■ What you will do: Strip out the pictures and output each remaining line of the data word for word.

■ Input material:
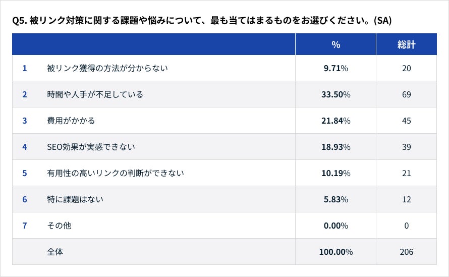Q5. 被リンク対策に関する課題や悩みについて、最も当てはまるものをお選びください。
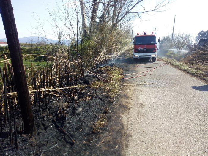 Φωτιά έκαψε αποθήκη σήμερα το μεσημέρι στον οικισμό Πλατάνου Καλυβίων, πυρκαγιά η οποία ξεκίνησε από καλαμιές στην ανατολική πλευρά του δρόμου και λόγω του δυνατού αέρα μεταπήδησε στην απέναντι πλευρά, όπου εκεί κοντά βρίσκονταν αποθήκη με ζώα και κατοικίες.
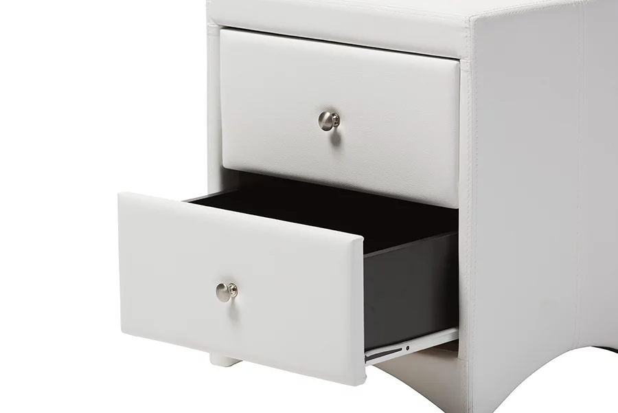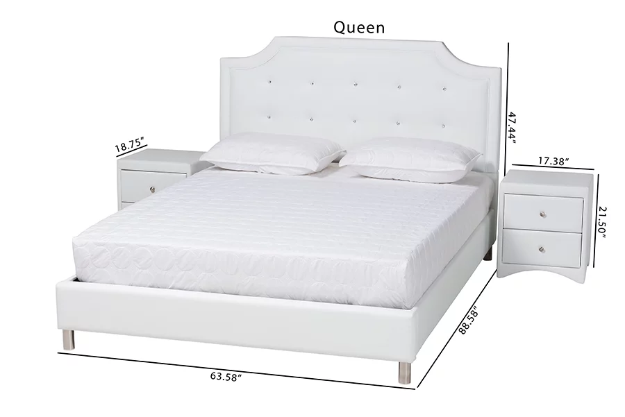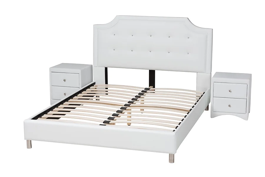 Baxton Studio Carlotta Contemporary Glam White Faux Leather Upholstered King Size 3-Piece Bedroom Set
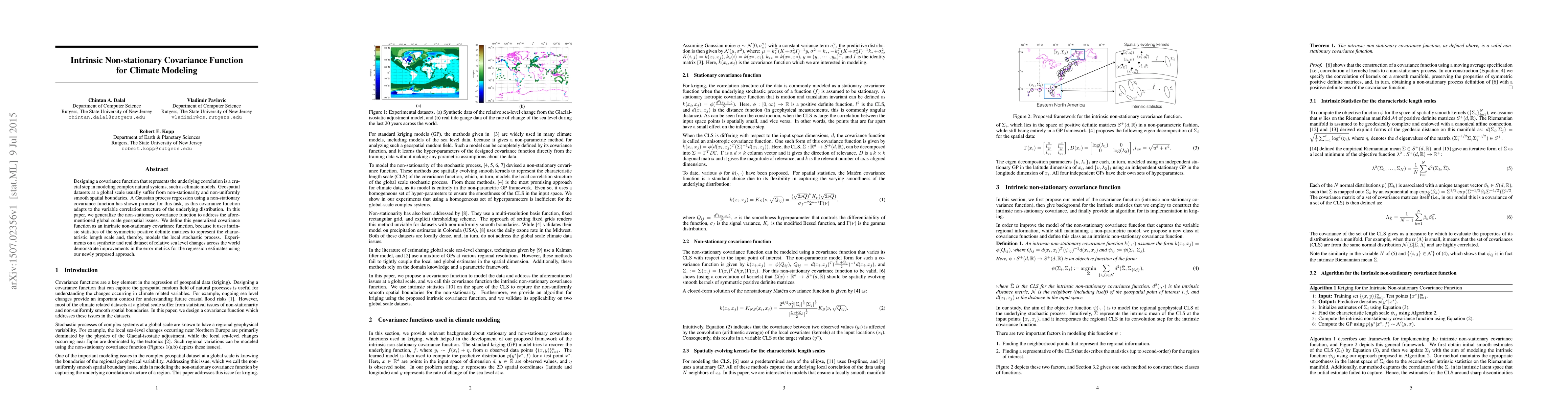 This paper proposes an intrinsic non-stationary covariance function for Gaussian process regression to model complex natural systems like climate models, addressing non-stationarity and non-uniform spatial boundaries. The approach shows improved regression estimates for relative sea level changes, as demonstrated by experiments on both synthetic and real datasets.
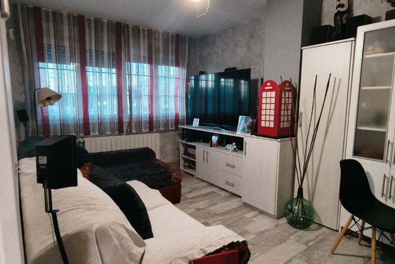 Calefacción individual con gas natural, suelo porcelanico imitacion a tarima, puertas blancas y ventanas de climalit.
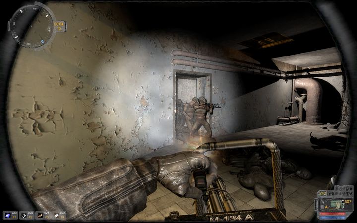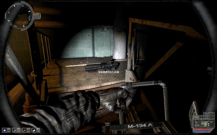 と、ここで新武器の登場だ。Night StalkersのTraderに注文することで購入できる武器、その名もM134D Minigun!使用弾薬はM60と共用の7.62mmNATO弾、命中精度と連射性能(800/min)は思ったほど高くないが、ほぼ無反動で弾幕を張れるのが強みである。弾薬の性能の高さも手伝って、X-18のような閉鎖空間では無類の強さを発揮できるだろう。テクスチャにM134Aと書かれているのは気にしちゃいけない。装弾数300発、磨耗率も低い。値段も約55000Ruと良心的で、CS強化外骨格のアホみたいな値段設定(300000Ru)を見た後だと子供の小遣い程度に思える。本体重量50kg余をどうクリアするかが課題だ。
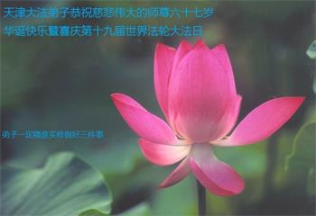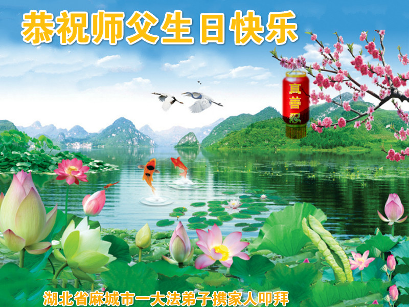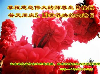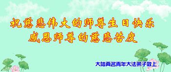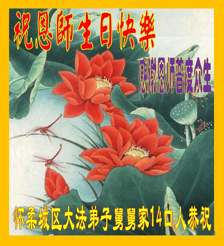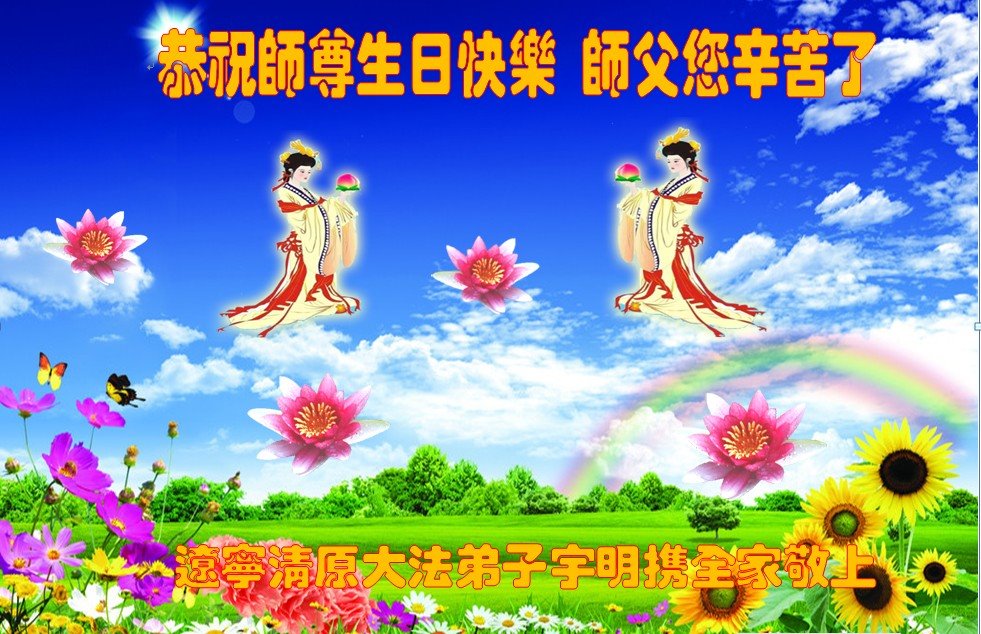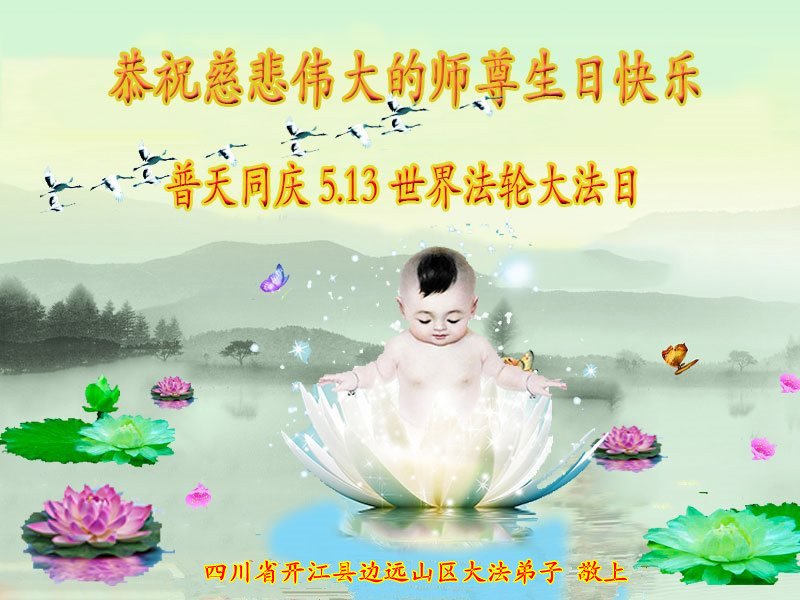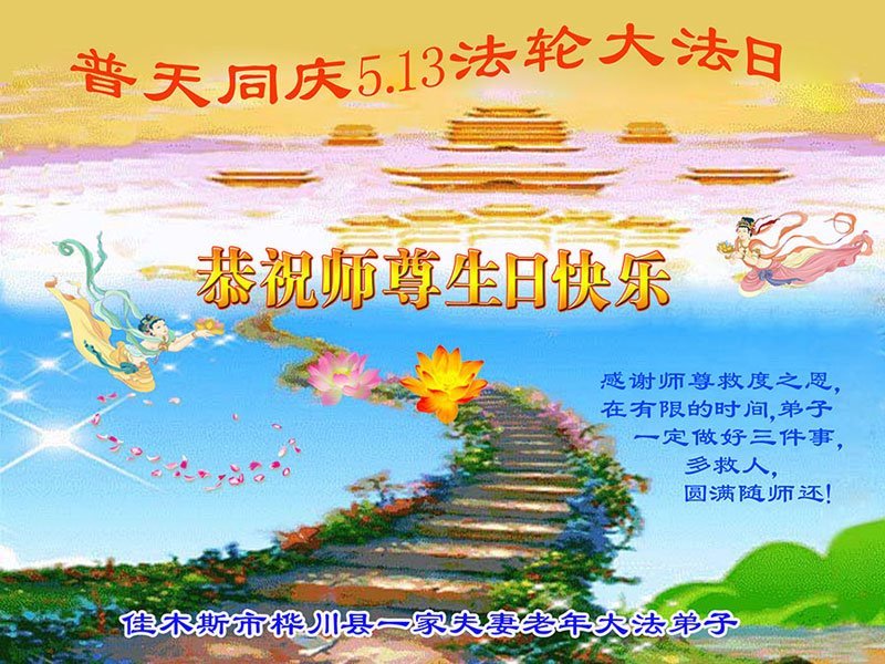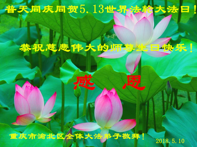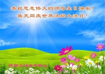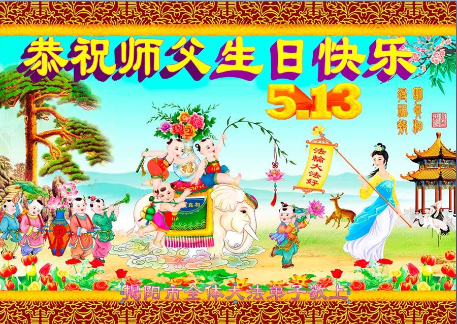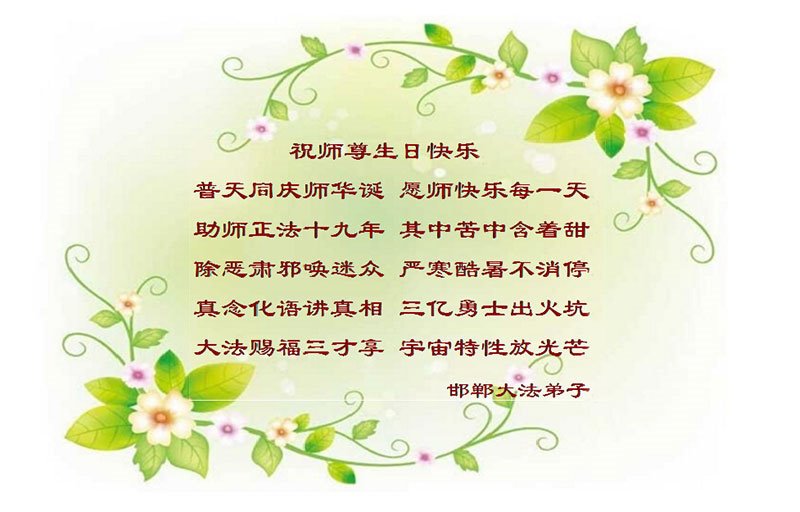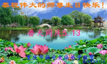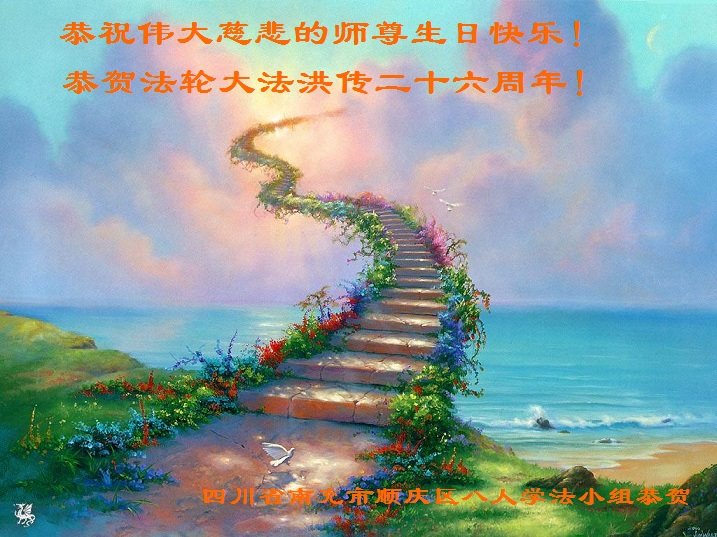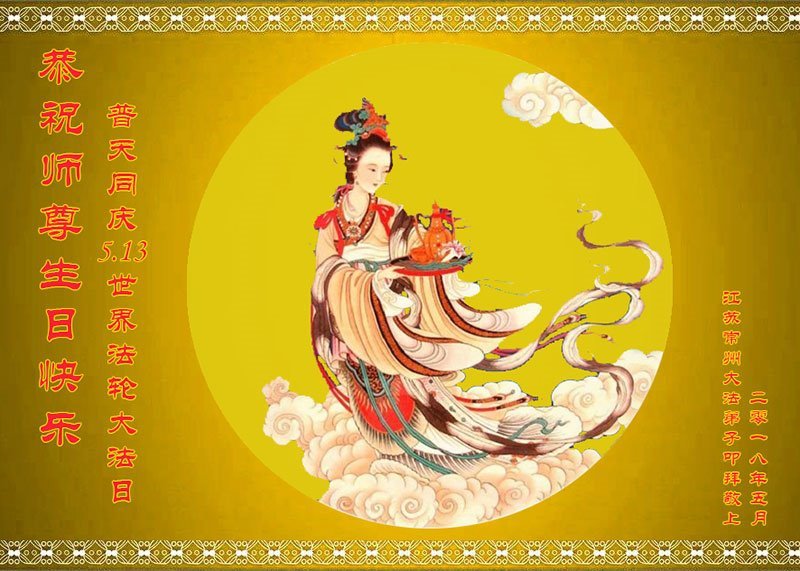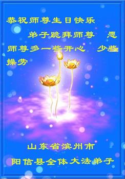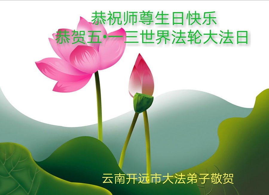 我们深谢恩师慈悲苦度!衷心恭祝师尊华诞快乐!在正法最后不多的时间里,我们一定会认真学好法,修好自己,从根本上改变常人的观念,正念正行,抓紧时间救度更多众生,完成正法时期大法弟子的历史使命,圆满跟随师尊回归家园。
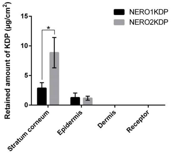 After the skin permeation study, KDP is mainly located in the stratum corneum because this is where the formulation is applied, and it is the main barrier of the skin. Although NERO2KDP application resulted in a larger amount of KDP retained in the stratum corneum, this did not reflect in a larger amount of the active ingredient in the epidermis. Approximately 1.2 µg/cm2 KDP was found in the epidermis with both NERO1KDP and NERO2KDP treatments, not differing from each other (p > 0.05). Given the lack of differences between the formulations, it would be more suitable to use the 1 mg/mL KDP formulation. The skin might have become saturated with KDP in both cases, explaining the lack of difference in epidermal permeation between treatments. According to Guyader et al. (2020) [41], an increase in drug concentration does not mean that an increase in skin penetration will occur, since a saturation of skin flow can happen. It was not possible to quantify the active ingredient in deeper layers of the skin.
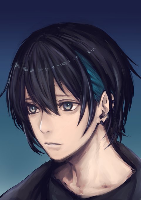 黒髪メッシュです 片目隠れとピアス描くのハマってます これもフリーアイコ 千隼 巡回中のイラスト

■ Solution below:
Q5. 被リンク対策に関する課題や悩みについて、最も当てはまるものをお選びください。
 Φωτιά έκαψε αποθήκη σήμερα το μεσημέρι στον οικισμό Πλατάνου Καλυβίων, πυρκαγιά η οποία ξεκίνησε από καλαμιές στην ανατολική πλευρά του δρόμου και λόγω του δυνατού αέρα μεταπήδησε στην απέναντι πλευρά, όπου εκεί κοντά βρίσκονταν αποθήκη με ζώα και κατοικίες.
 Baxton Studio Carlotta Contemporary Glam White Faux Leather Upholstered King Size 3-Piece Bedroom Set
 This paper proposes an intrinsic non-stationary covariance function for Gaussian process regression to model complex natural systems like climate models, addressing non-stationarity and non-uniform spatial boundaries. The approach shows improved regression estimates for relative sea level changes, as demonstrated by experiments on both synthetic and real datasets.
 Calefacción individual con gas natural, suelo porcelanico imitacion a tarima, puertas blancas y ventanas de climalit.
 と、ここで新武器の登場だ。Night StalkersのTraderに注文することで購入できる武器、その名もM134D Minigun!使用弾薬はM60と共用の7.62mmNATO弾、命中精度と連射性能(800/min)は思ったほど高くないが、ほぼ無反動で弾幕を張れるのが強みである。弾薬の性能の高さも手伝って、X-18のような閉鎖空間では無類の強さを発揮できるだろう。テクスチャにM134Aと書かれているのは気にしちゃいけない。装弾数300発、磨耗率も低い。値段も約55000Ruと良心的で、CS強化外骨格のアホみたいな値段設定(300000Ru)を見た後だと子供の小遣い程度に思える。本体重量50kg余をどうクリアするかが課題だ。
 我们深谢恩师慈悲苦度!衷心恭祝师尊华诞快乐!在正法最后不多的时间里,我们一定会认真学好法,修好自己,从根本上改变常人的观念,正念正行,抓紧时间救度更多众生,完成正法时期大法弟子的历史使命,圆满跟随师尊回归家园。
 After the skin permeation study, KDP is mainly located in the stratum corneum because this is where the formulation is applied, and it is the main barrier of the skin. Although NERO2KDP application resulted in a larger amount of KDP retained in the stratum corneum, this did not reflect in a larger amount of the active ingredient in the epidermis. Approximately 1.2 µg/cm2 KDP was found in the epidermis with both NERO1KDP and NERO2KDP treatments, not differing from each other (p > 0.05). Given the lack of differences between the formulations, it would be more suitable to use the 1 mg/mL KDP formulation. The skin might have become saturated with KDP in both cases, explaining the lack of difference in epidermal permeation between treatments. According to Guyader et al. (2020) [41], an increase in drug concentration does not mean that an increase in skin penetration will occur, since a saturation of skin flow can happen. It was not possible to quantify the active ingredient in deeper layers of the skin.
 黒髪メッシュです 片目隠れとピアス描くのハマってます これもフリーアイコ 千隼 巡回中のイラスト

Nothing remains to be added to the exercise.